■ **What the task requires**: Pictures excluded, reproduce exactly the lines below from the one with "Ornamento De Cerâmica" through the one with "A fun and quirky", both included.

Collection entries
=-=-=-=-=

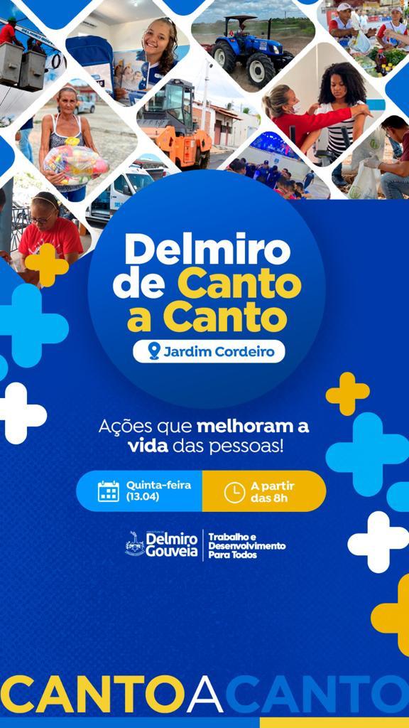 Nesta quinta-feira (13), o programa “Delmiro de canto a canto, ações que melhoram a vida das pessoas” vai ser realizado no Distrito Jardim Cordeiro, área rural do município. A proposta do evento é disponibilizar ações em todas as áreas da administração pública e que contribuam com a melhoria dos delmirenses.
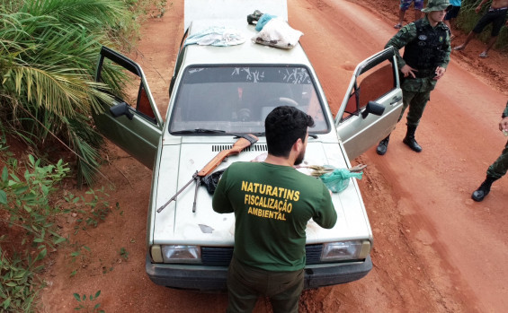 Durante a blitz as equipes autuaram em flagrante um homem por transporte de arma de fogo e aplicaram multa pelo abate de animal silvestre. No veículo, a fiscalização identificou uma ema (Rhea americana) abatida.
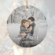 Ornamento De Cerâmica Script Branco de Fotografia Personalizada do Natal
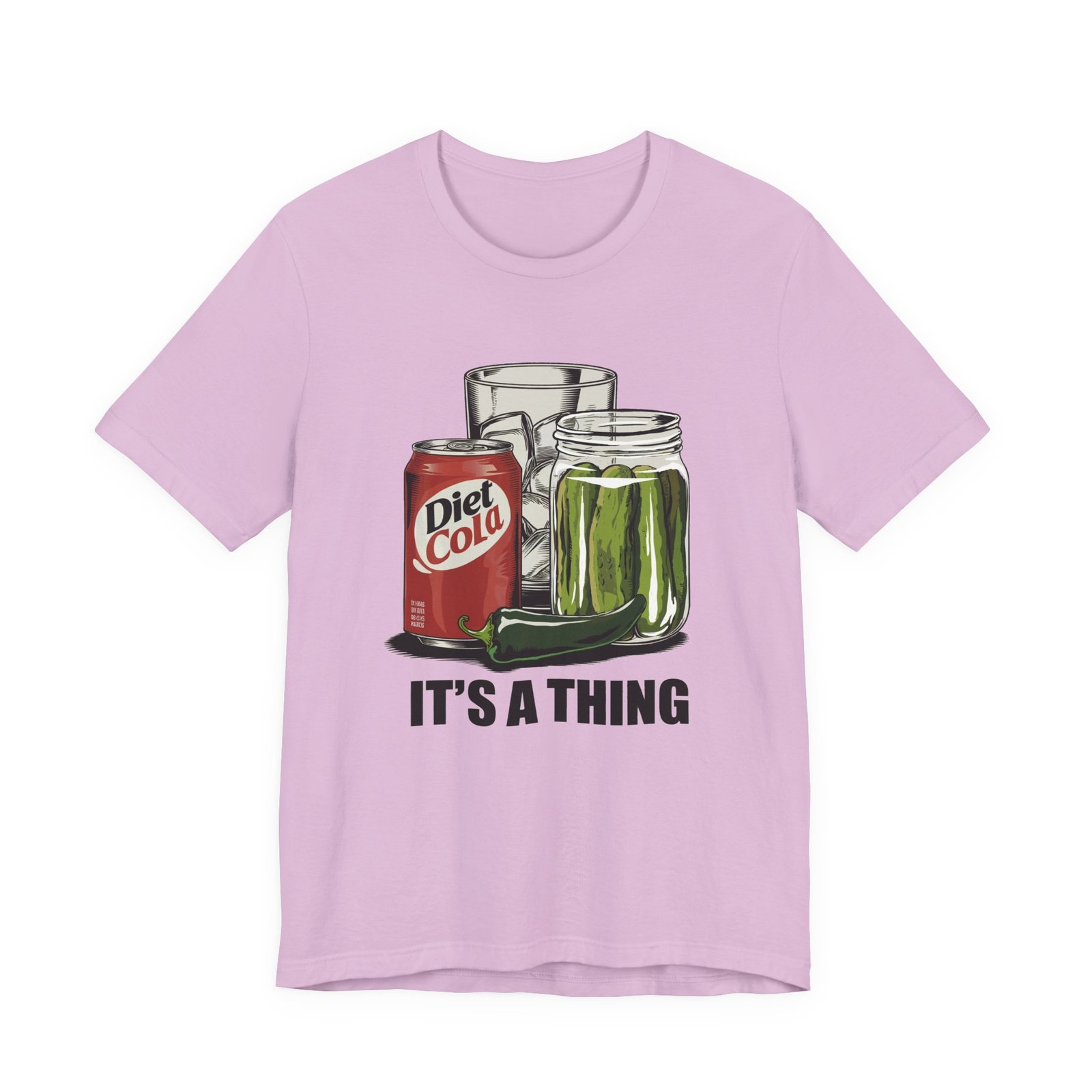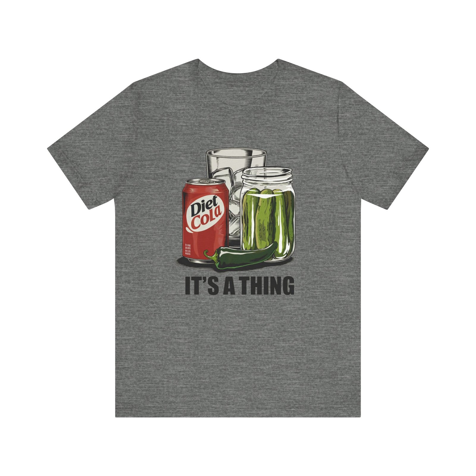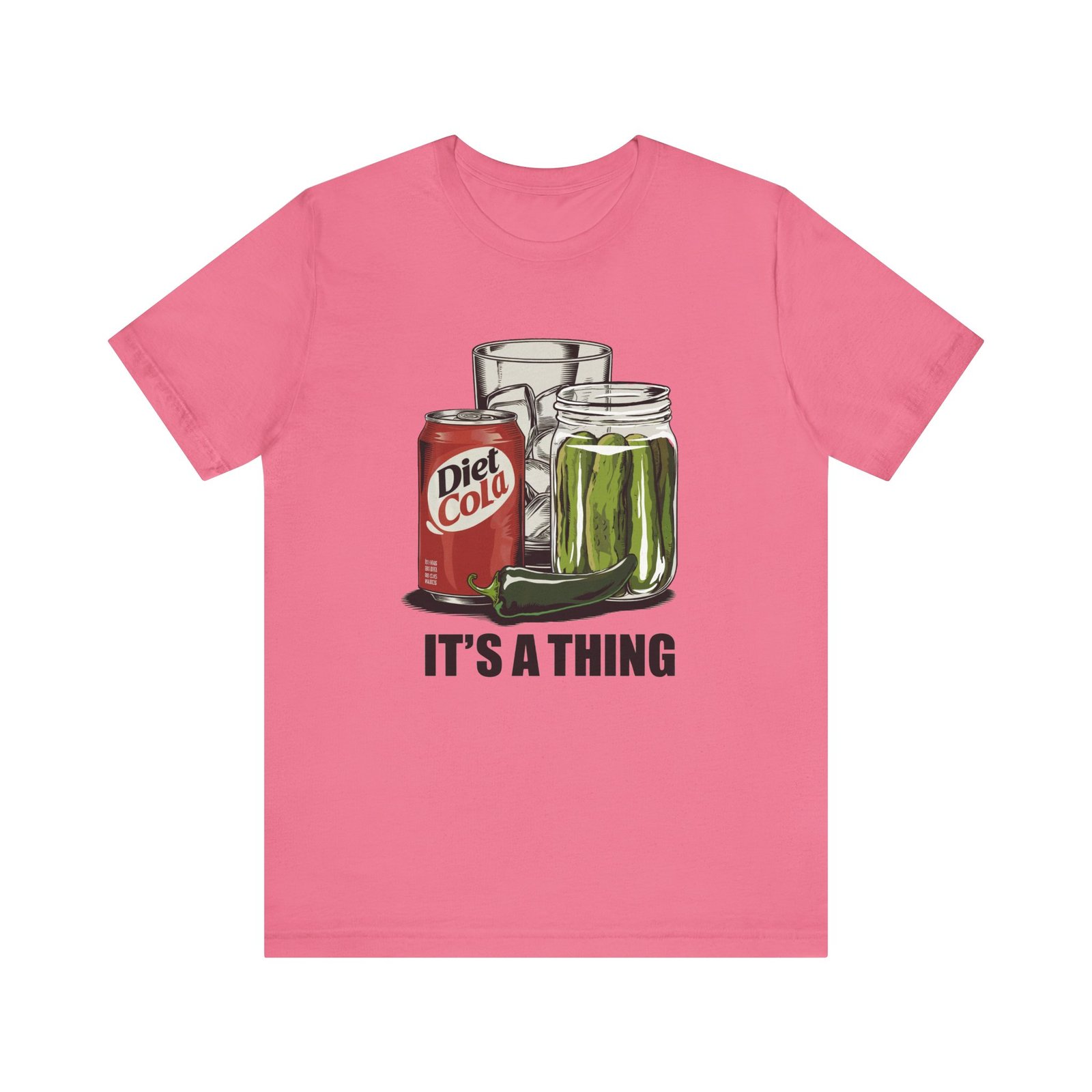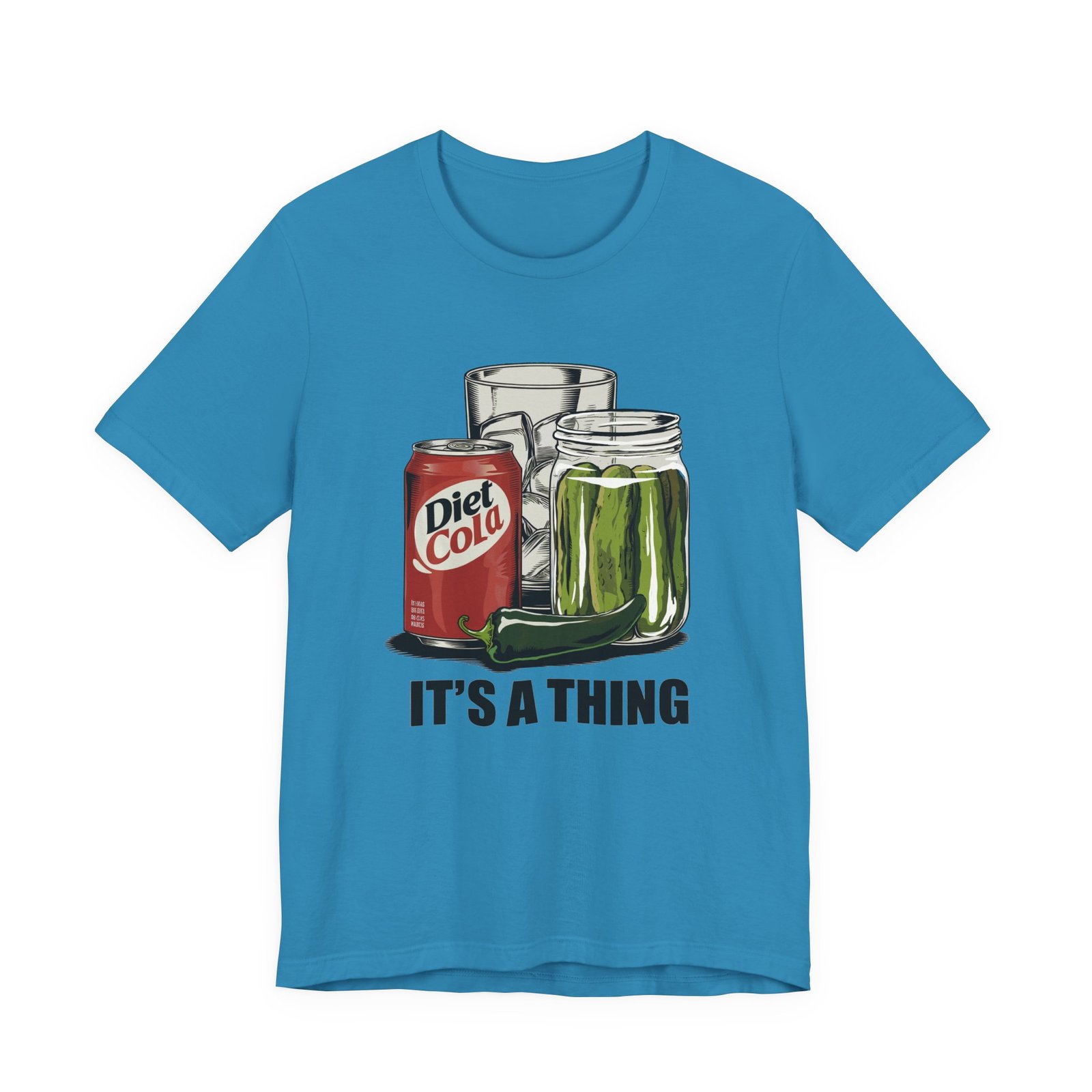 A fun and quirky t-shirt featuring a jar of pickles, a jalapeño pepper, and a can of Diet Coke, inspired by the viral drink trend created by Dua Lipa. This tee exudes a trendy and playful vibe, perfect for casual outings and social gatherings. Ideal for fans of Dua Lipa and those looking to stay on top of pop culture trends. Great for gifting on birthdays, holidays, or just for a fun surprise.
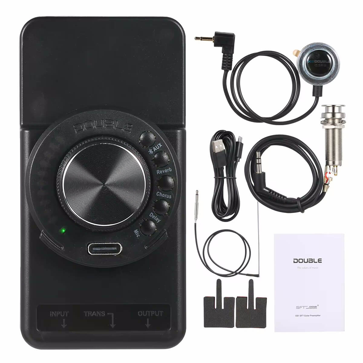 С DOUBLE OS1 вы получаете полный контроль над звуком вашей гитары благодаря регулировке тона, громкости, микрофона и реверберации. Встроенный микрофон позволяет добавлять свой вокал или другие звуки к вашему исполнению. Циферблатная индикация управления обеспечивает удобство в настройке эффектов, а индикатор низкого заряда батареи предупреждает вас о необходимости зарядки.
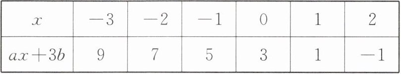 5. (2025·连云港东海期末)整式$ax+3b的值随x$的取值不同而不同,下表是当$x取不同值时整式ax+3b$对应的的值,则关于$x的方程ax+3b= 3$的解为(
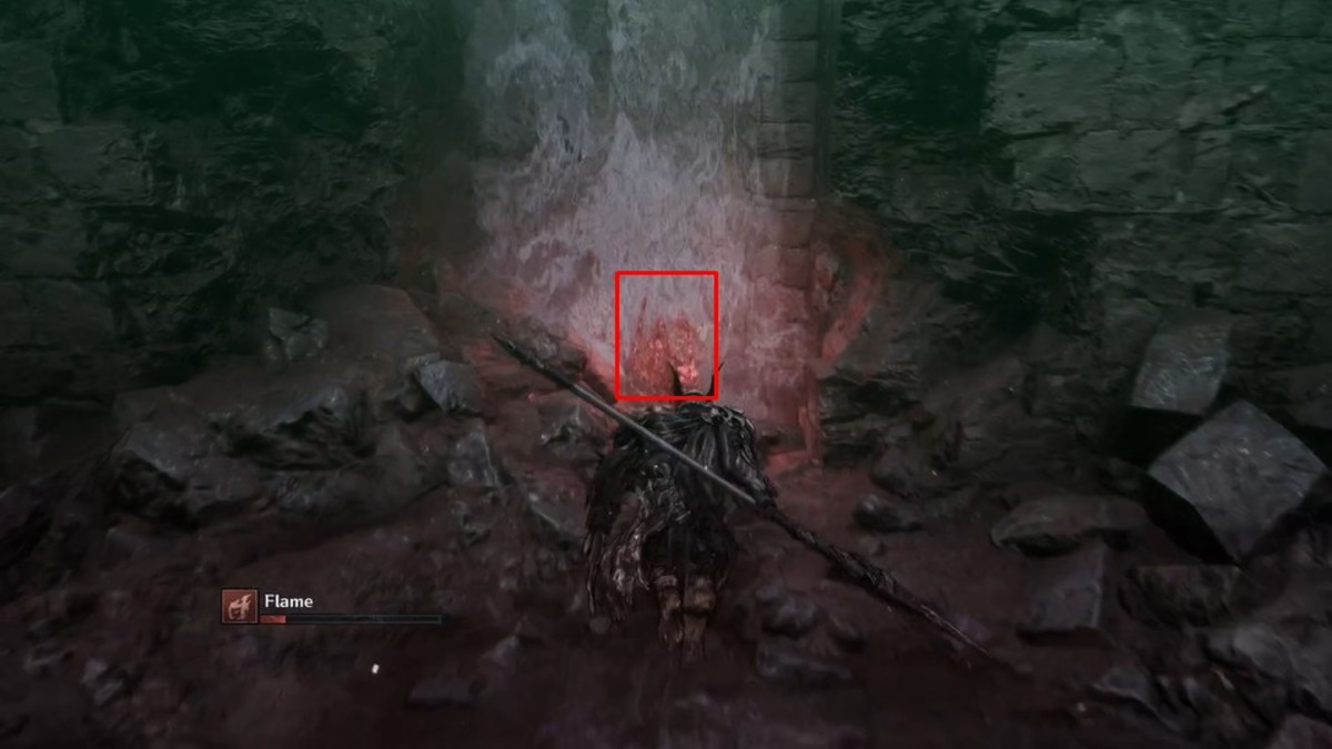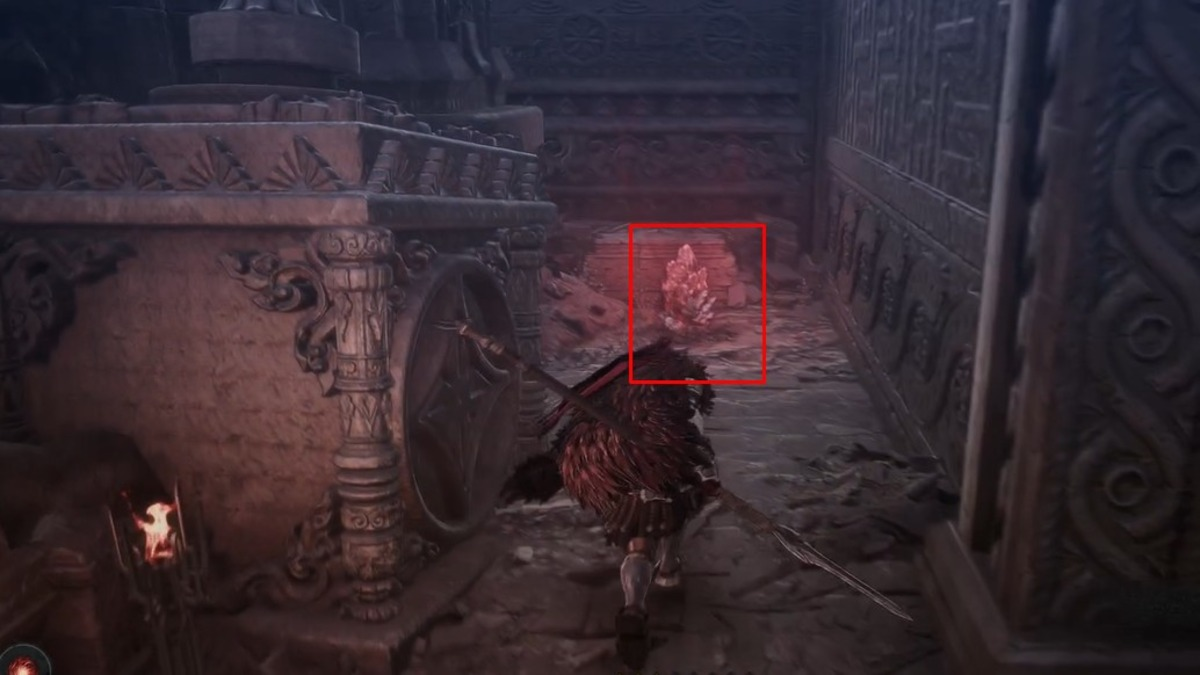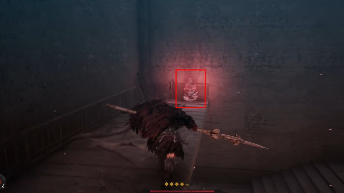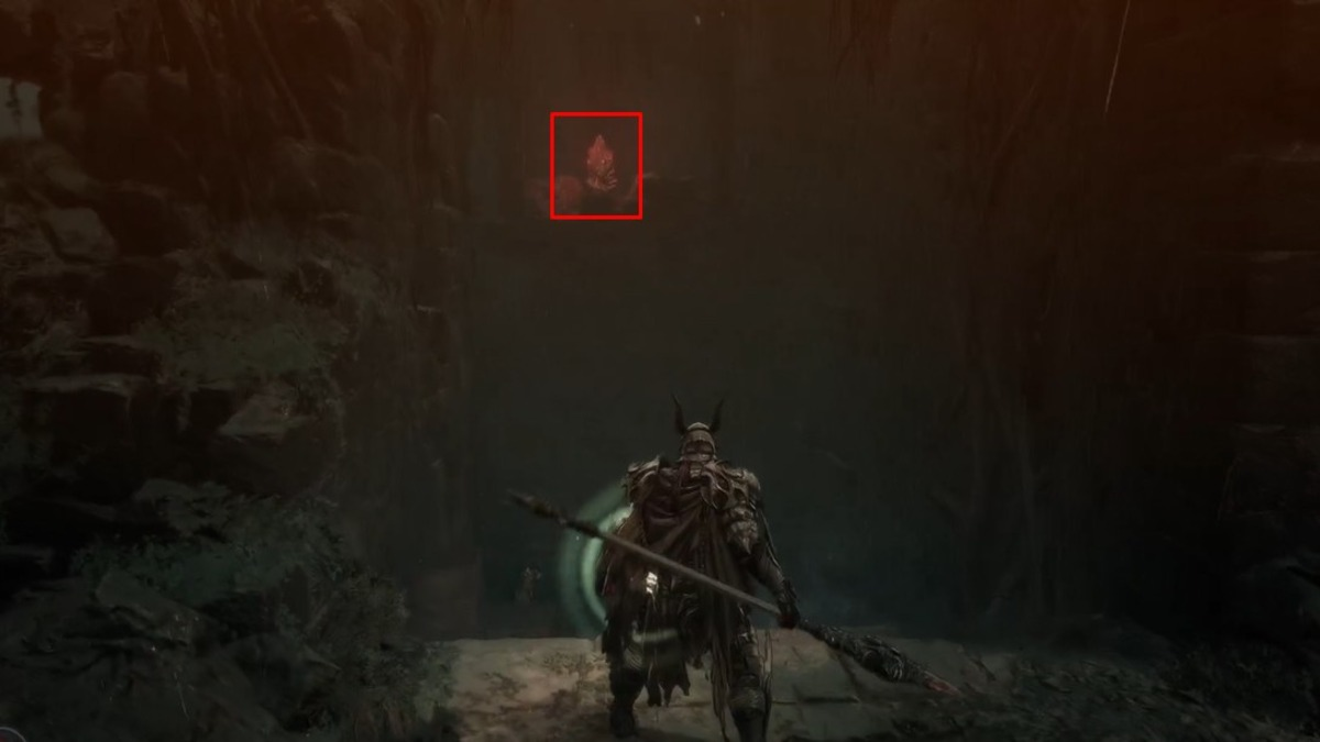 От точки перемещения в Пещере Отшельника пройдите через большую дверь вперед и спуститесь по лестнице. На первом перекрестке следуйте по тропе справа, пока не дойдете до закрытых ворот. Затем поверните налево и поднимитесь по лестнице. Посмотрите направо и увидите камень души на выступе рядом со свечами. Используйте копье, чтобы разбить его.

=-=-=-=-=

■ **Task output**:
 Ornamento De Cerâmica Script Branco de Fotografia Personalizada do Natal
 A fun and quirky t-shirt featuring a jar of pickles, a jalapeño pepper, and a can of Diet Coke, inspired by the viral drink trend created by Dua Lipa. This tee exudes a trendy and playful vibe, perfect for casual outings and social gatherings. Ideal for fans of Dua Lipa and those looking to stay on top of pop culture trends. Great for gifting on birthdays, holidays, or just for a fun surprise.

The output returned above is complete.